[ASSIGNMENT]
Using the listing below, print the line containing "Las botas mujer", the line containing "ANIMAL ANTICS A", and each line between them, exactly and nothing else. Pictures stay out of the print.

[LISTED RECORDS]
___

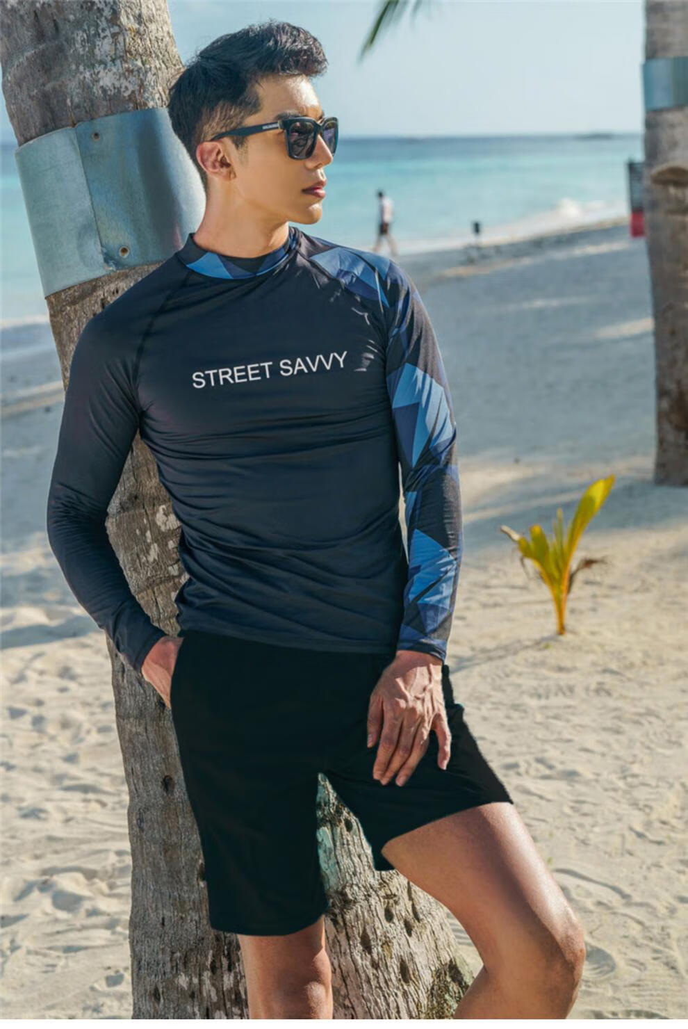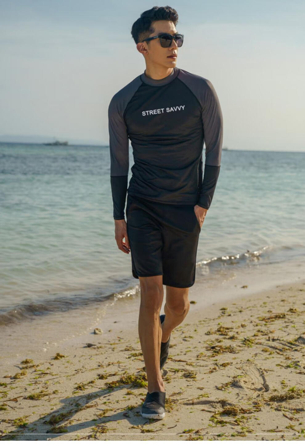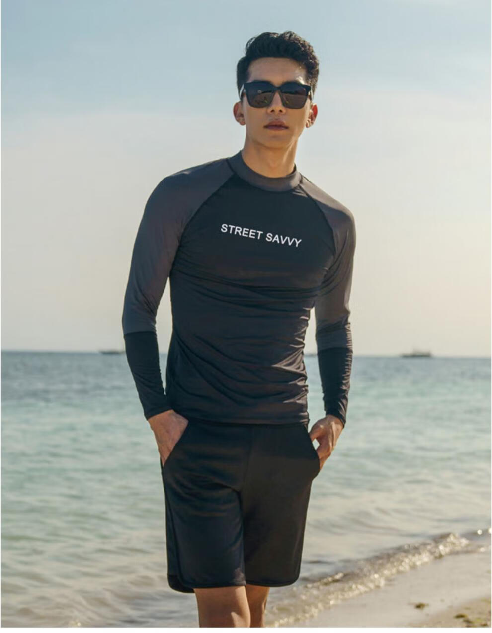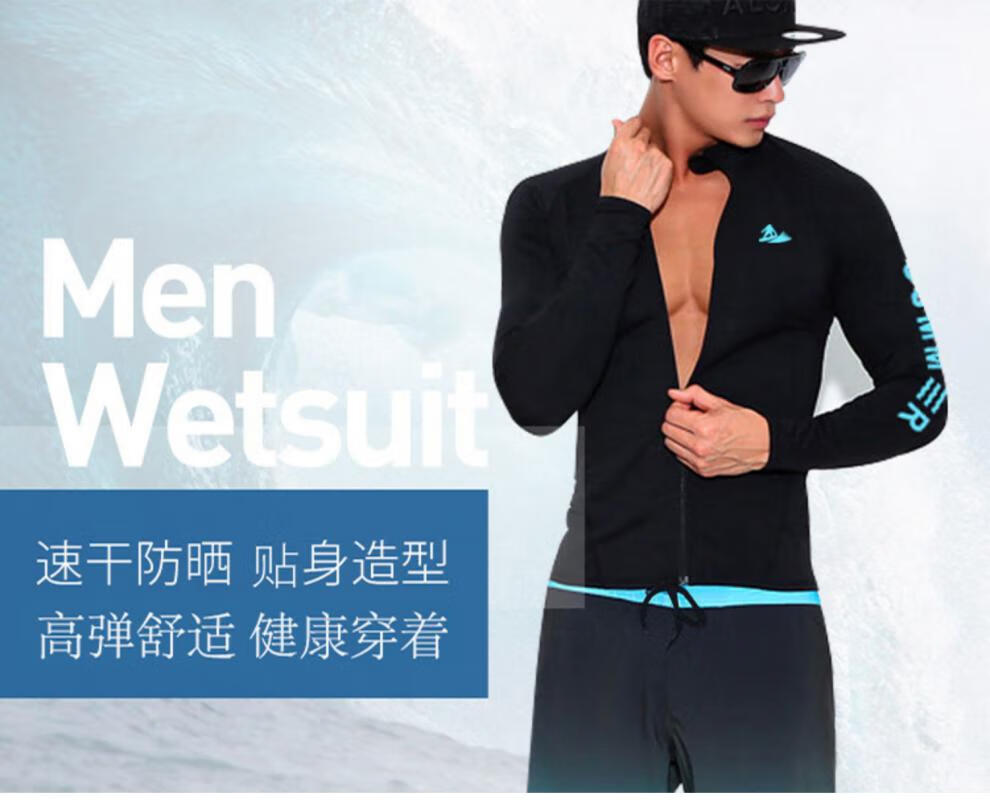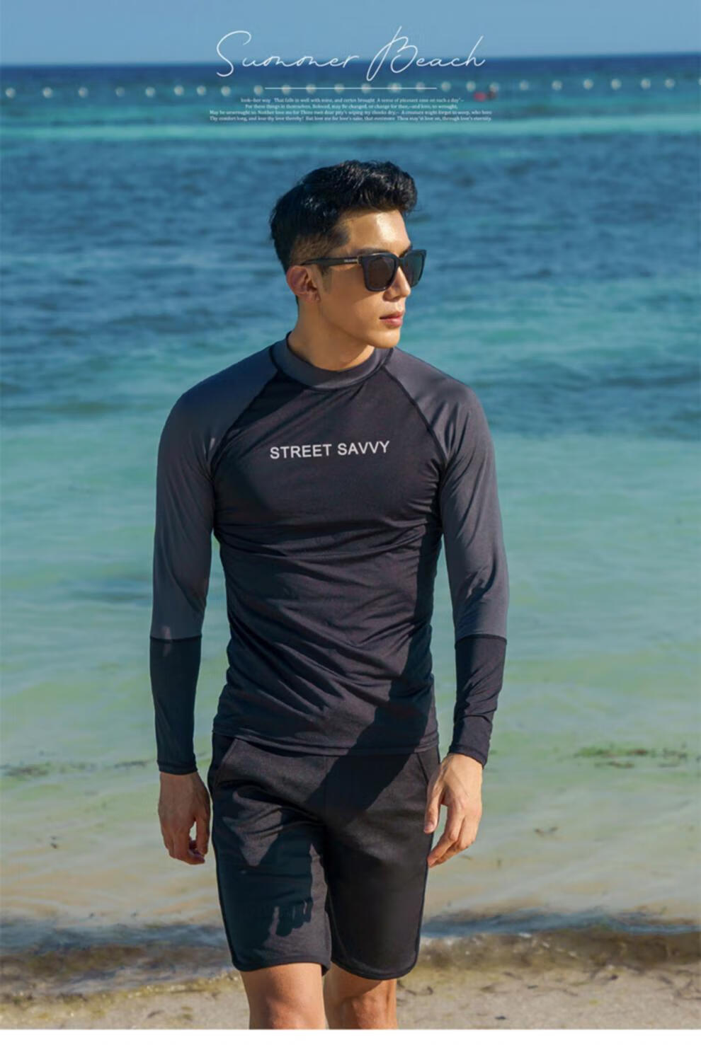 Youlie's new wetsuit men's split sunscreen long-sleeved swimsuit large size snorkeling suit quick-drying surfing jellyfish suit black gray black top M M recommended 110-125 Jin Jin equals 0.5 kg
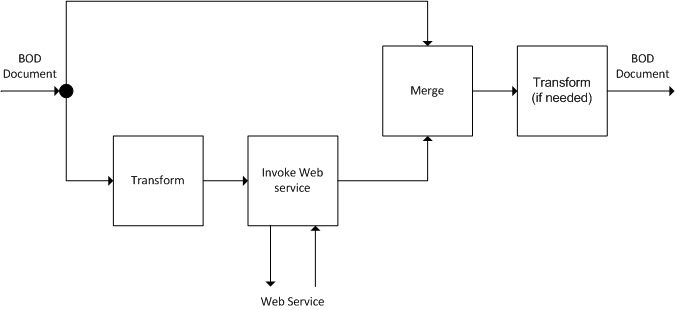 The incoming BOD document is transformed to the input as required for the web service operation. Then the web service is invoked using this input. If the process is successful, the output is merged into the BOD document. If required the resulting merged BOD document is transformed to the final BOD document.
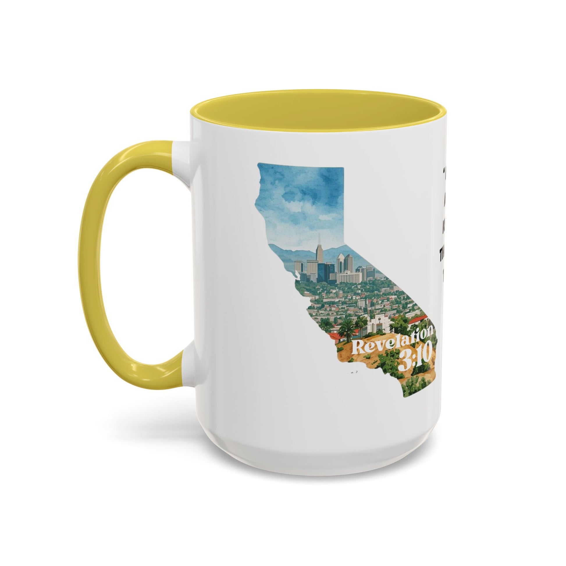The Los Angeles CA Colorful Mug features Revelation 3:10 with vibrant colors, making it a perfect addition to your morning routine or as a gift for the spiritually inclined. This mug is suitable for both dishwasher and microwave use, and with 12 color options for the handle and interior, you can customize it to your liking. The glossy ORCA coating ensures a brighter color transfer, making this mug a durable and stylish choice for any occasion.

___

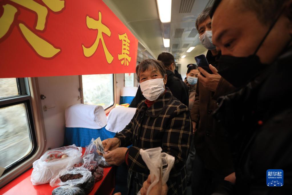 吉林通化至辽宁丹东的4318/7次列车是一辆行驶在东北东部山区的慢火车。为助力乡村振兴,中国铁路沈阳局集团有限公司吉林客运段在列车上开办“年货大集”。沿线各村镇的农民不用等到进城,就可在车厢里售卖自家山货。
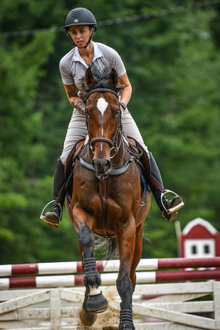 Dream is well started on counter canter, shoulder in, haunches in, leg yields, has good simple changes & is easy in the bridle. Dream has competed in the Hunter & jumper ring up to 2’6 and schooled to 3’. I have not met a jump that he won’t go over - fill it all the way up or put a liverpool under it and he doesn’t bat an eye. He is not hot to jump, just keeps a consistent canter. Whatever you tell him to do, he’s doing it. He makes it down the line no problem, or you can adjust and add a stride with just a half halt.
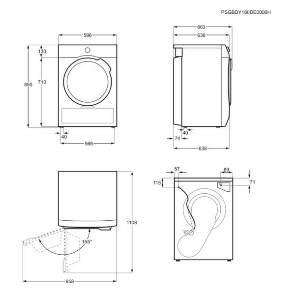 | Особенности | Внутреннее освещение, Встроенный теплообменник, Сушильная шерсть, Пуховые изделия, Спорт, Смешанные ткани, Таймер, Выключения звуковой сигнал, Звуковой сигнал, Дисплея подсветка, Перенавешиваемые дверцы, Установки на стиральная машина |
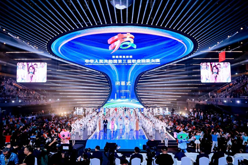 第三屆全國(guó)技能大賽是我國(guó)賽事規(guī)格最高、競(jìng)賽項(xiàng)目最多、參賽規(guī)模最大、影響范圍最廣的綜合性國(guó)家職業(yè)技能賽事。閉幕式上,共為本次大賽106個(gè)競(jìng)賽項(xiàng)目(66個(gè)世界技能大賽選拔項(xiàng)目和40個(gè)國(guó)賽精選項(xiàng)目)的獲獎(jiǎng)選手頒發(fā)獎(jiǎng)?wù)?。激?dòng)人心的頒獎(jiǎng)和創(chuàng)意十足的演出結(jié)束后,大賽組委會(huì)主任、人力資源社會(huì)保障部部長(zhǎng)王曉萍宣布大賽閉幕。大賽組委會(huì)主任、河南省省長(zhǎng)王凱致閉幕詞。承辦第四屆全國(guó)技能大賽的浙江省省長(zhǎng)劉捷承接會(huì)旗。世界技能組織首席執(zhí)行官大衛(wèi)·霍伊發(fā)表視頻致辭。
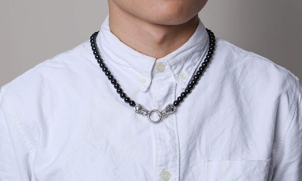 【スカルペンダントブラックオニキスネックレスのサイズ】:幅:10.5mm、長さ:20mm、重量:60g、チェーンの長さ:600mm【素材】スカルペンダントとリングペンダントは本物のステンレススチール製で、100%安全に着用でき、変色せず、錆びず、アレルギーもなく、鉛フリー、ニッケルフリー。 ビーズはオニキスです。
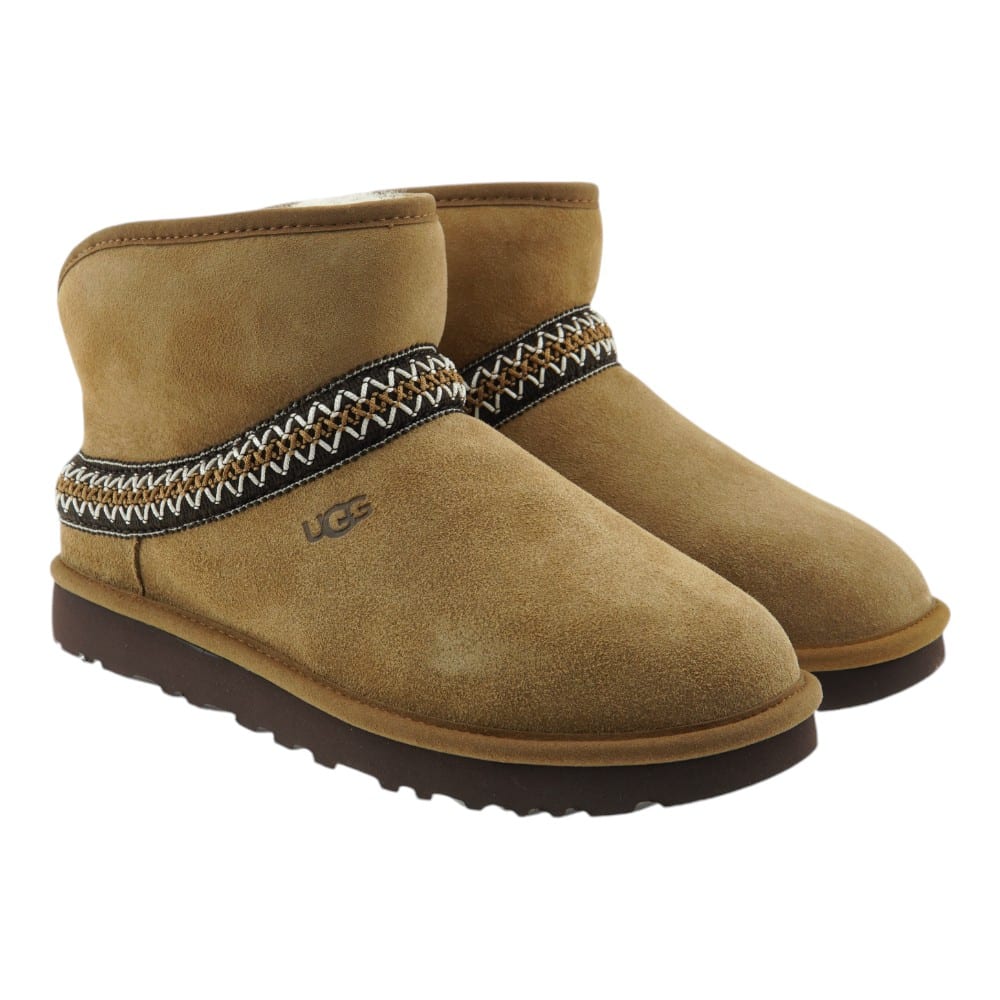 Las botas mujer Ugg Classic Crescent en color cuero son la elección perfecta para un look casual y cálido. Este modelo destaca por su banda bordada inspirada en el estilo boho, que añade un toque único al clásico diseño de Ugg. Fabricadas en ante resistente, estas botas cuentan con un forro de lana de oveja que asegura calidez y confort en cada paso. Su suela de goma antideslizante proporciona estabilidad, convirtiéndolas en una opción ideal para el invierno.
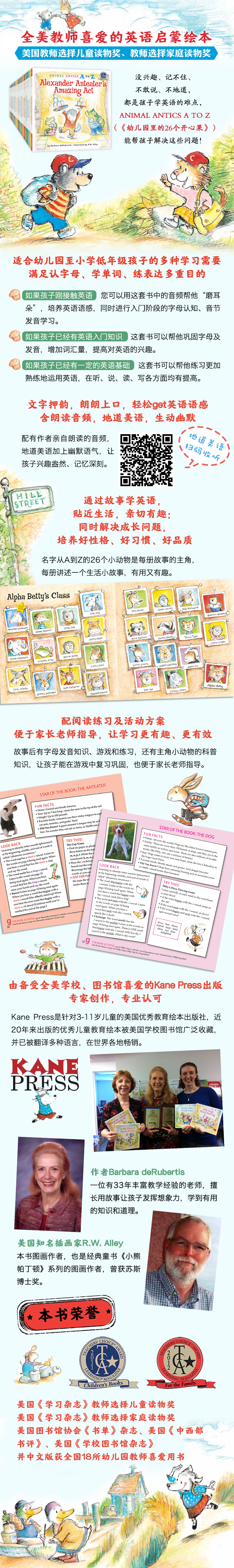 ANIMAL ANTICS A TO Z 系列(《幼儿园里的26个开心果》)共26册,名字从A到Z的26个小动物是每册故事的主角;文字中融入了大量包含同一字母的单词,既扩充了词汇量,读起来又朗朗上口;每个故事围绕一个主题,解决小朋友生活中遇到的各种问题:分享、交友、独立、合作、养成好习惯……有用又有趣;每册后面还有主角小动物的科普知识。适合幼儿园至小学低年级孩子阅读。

___

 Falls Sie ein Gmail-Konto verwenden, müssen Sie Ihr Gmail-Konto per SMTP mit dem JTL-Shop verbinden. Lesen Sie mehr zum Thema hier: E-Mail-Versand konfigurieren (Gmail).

___

[RESPONSE TO THIS EXERCISE]
 Las botas mujer Ugg Classic Crescent en color cuero son la elección perfecta para un look casual y cálido. Este modelo destaca por su banda bordada inspirada en el estilo boho, que añade un toque único al clásico diseño de Ugg. Fabricadas en ante resistente, estas botas cuentan con un forro de lana de oveja que asegura calidez y confort en cada paso. Su suela de goma antideslizante proporciona estabilidad, convirtiéndolas en una opción ideal para el invierno.
 ANIMAL ANTICS A TO Z 系列(《幼儿园里的26个开心果》)共26册,名字从A到Z的26个小动物是每册故事的主角;文字中融入了大量包含同一字母的单词,既扩充了词汇量,读起来又朗朗上口;每个故事围绕一个主题,解决小朋友生活中遇到的各种问题:分享、交友、独立、合作、养成好习惯……有用又有趣;每册后面还有主角小动物的科普知识。适合幼儿园至小学低年级孩子阅读。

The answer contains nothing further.